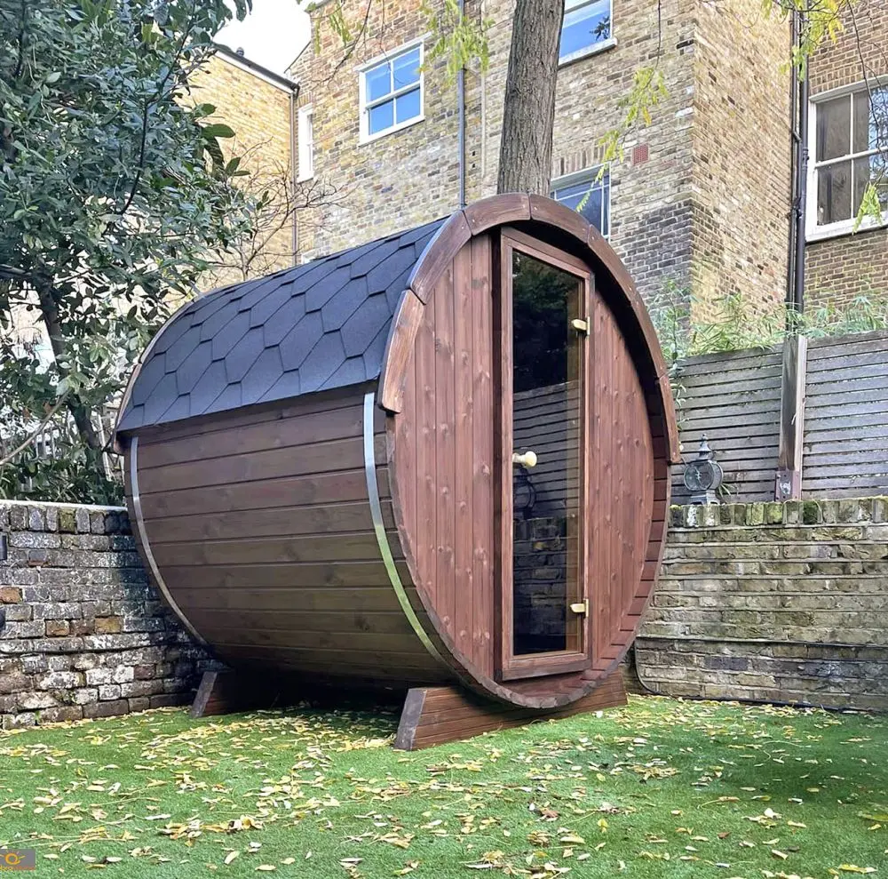 The Thermo Barrel 160 GD is a beautifully designed outdoor sauna that combines elegant craftsmanship with exceptional performance. Featuring a full glass door that floods the interior with natural light, it creates an inviting atmosphere while maintaining a sense of privacy. Inside, two levels of benches, made from high-quality thermoalder allows users to enjoy either a gentle or more intense heat experience. With its efficient barrel-shaped design that promotes even heat distribution and rapid warm-up times, the Thermo Barrel 160 GD offers the perfect balance of style, comfort, and relaxation — a luxurious wellness retreat for your garden.
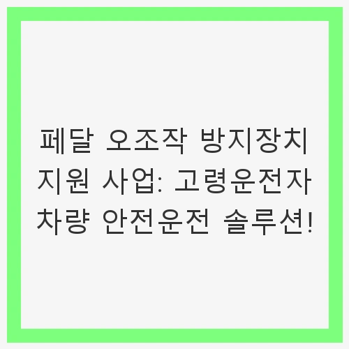 👉페달 오조작 방지장치 지원 사업: 고령운전자 차량 안전운전 솔루션! 확인하기
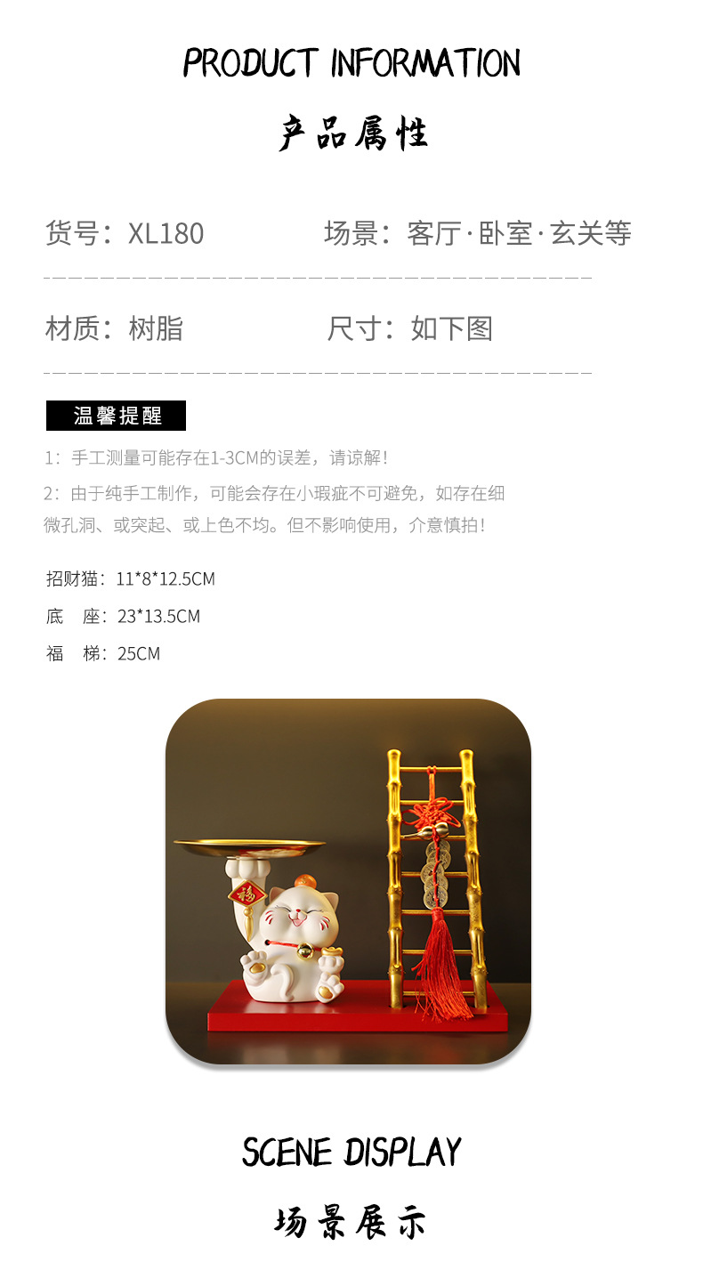 • 행운의 고양이 베이지-빨간색 하단 축복 사다리
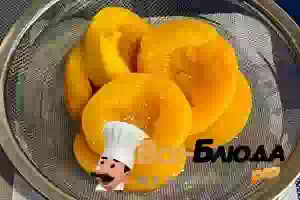 2. Персики выкладываем на дуршлаг, даём стечь сиропу и измельчаем персики в пюре. В половине стакана сиропа из-под персиков замачиваем желатин. Набухший желатин соединяем с пюре и нагреваем, помешивая, на небольшом огне до его полного растворения. Отставляем в сторону, чтобы пюре остыло.
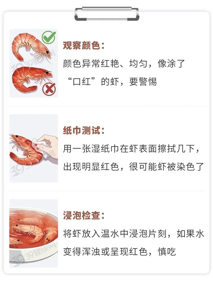 新鲜的虾应呈自然的青灰色或淡粉色。如果你看到的虾通体鲜红、油光发亮,像化了妆一样,就要高度警惕了。一些不法商贩会用胭脂红等人工合成色素给不新鲜甚至变质的虾进行染色处理,以次充好。
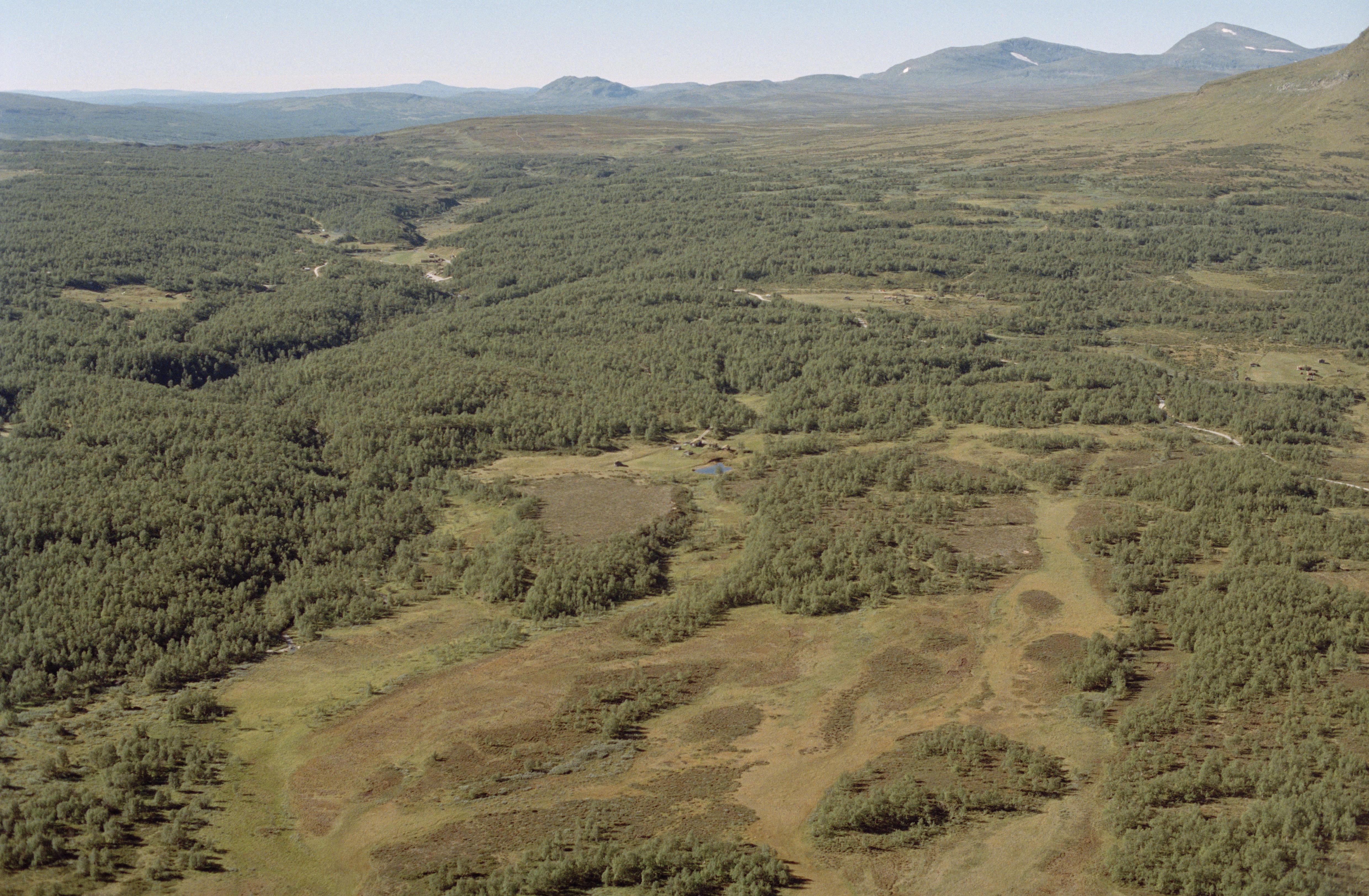 Beskrivning: Under bildens mitt fäbodområdet Storkläppvallen under berget Stor-Mittåkläppen (Kliehpie). Storkläppvallen uppe till höger. I området fångstgropssystem RAÄnr Tännäs 44:1. Bilden är tagen mot (väderstreck): VSV

| TASK STATEMENT |
From the line containing "2. Персики выкладываем" down to the last line of the entries above, set down every line exactly. Omit all pictures.

| RESPONSE BOX |
 2. Персики выкладываем на дуршлаг, даём стечь сиропу и измельчаем персики в пюре. В половине стакана сиропа из-под персиков замачиваем желатин. Набухший желатин соединяем с пюре и нагреваем, помешивая, на небольшом огне до его полного растворения. Отставляем в сторону, чтобы пюре остыло.
 新鲜的虾应呈自然的青灰色或淡粉色。如果你看到的虾通体鲜红、油光发亮,像化了妆一样,就要高度警惕了。一些不法商贩会用胭脂红等人工合成色素给不新鲜甚至变质的虾进行染色处理,以次充好。
 Beskrivning: Under bildens mitt fäbodområdet Storkläppvallen under berget Stor-Mittåkläppen (Kliehpie). Storkläppvallen uppe till höger. I området fångstgropssystem RAÄnr Tännäs 44:1. Bilden är tagen mot (väderstreck): VSV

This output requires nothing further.